# STORED DATA

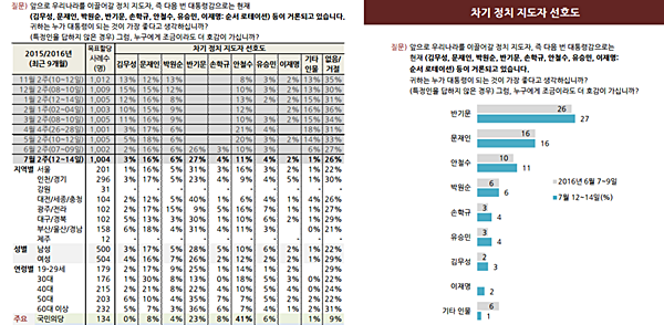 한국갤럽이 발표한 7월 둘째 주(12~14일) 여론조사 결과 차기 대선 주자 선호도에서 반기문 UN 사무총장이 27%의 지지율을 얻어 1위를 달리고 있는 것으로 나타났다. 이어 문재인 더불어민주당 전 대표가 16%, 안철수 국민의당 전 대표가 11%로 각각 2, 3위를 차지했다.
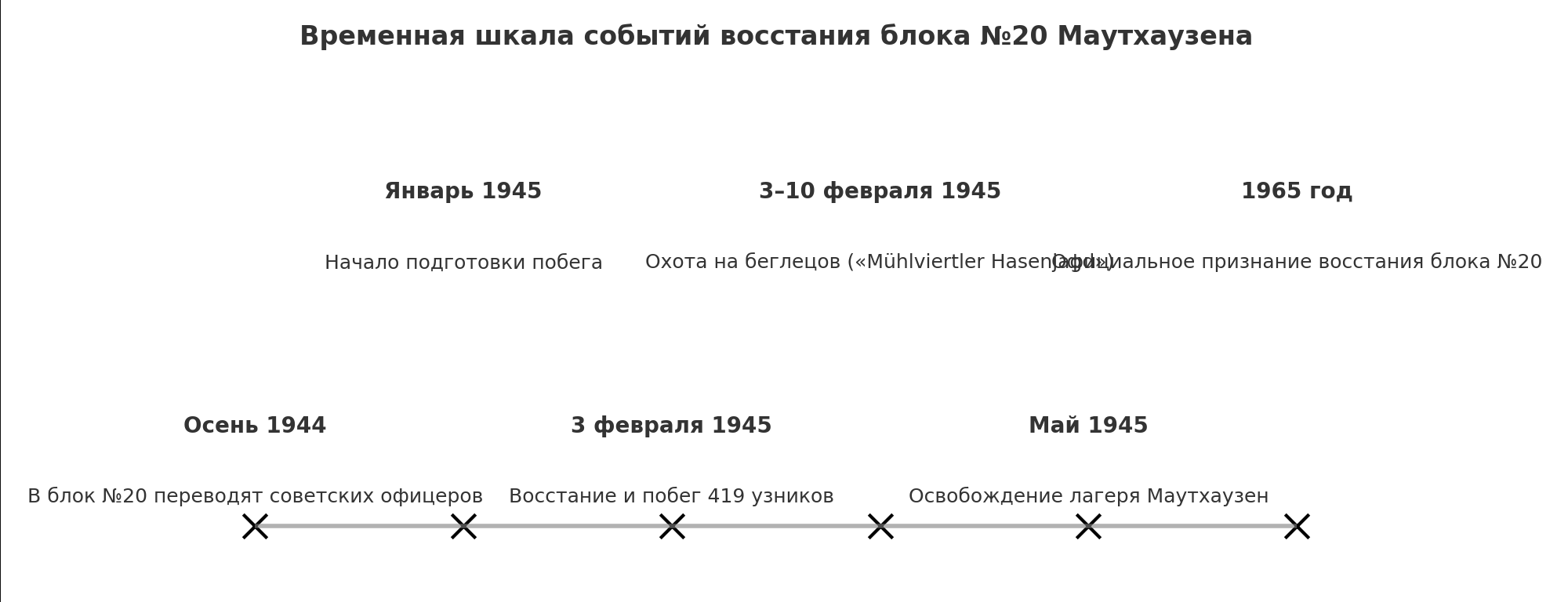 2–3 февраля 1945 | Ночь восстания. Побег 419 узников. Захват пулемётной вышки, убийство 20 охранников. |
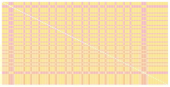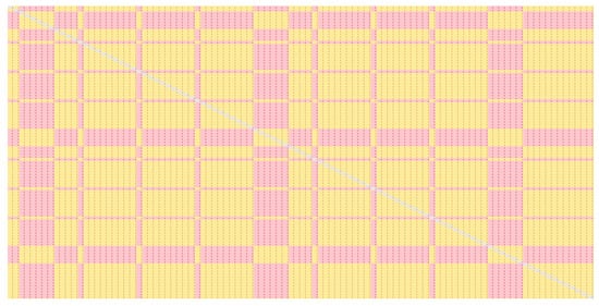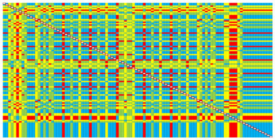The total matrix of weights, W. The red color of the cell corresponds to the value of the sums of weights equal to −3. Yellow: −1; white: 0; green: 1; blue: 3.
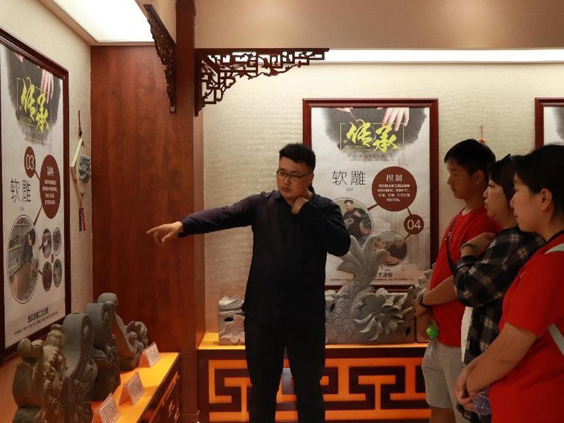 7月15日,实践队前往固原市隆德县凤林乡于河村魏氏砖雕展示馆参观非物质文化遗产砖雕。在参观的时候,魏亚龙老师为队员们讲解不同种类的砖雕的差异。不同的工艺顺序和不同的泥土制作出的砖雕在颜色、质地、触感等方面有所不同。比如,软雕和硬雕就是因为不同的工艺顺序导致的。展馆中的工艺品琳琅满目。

# THE PROBLEM
Output the material above word for word. Leave out its images.

# REPLY TO THE TASK
 한국갤럽이 발표한 7월 둘째 주(12~14일) 여론조사 결과 차기 대선 주자 선호도에서 반기문 UN 사무총장이 27%의 지지율을 얻어 1위를 달리고 있는 것으로 나타났다. 이어 문재인 더불어민주당 전 대표가 16%, 안철수 국민의당 전 대표가 11%로 각각 2, 3위를 차지했다.
 2–3 февраля 1945 | Ночь восстания. Побег 419 узников. Захват пулемётной вышки, убийство 20 охранников. |
The total matrix of weights, W. The red color of the cell corresponds to the value of the sums of weights equal to −3. Yellow: −1; white: 0; green: 1; blue: 3.
 7月15日,实践队前往固原市隆德县凤林乡于河村魏氏砖雕展示馆参观非物质文化遗产砖雕。在参观的时候,魏亚龙老师为队员们讲解不同种类的砖雕的差异。不同的工艺顺序和不同的泥土制作出的砖雕在颜色、质地、触感等方面有所不同。比如,软雕和硬雕就是因为不同的工艺顺序导致的。展馆中的工艺品琳琅满目。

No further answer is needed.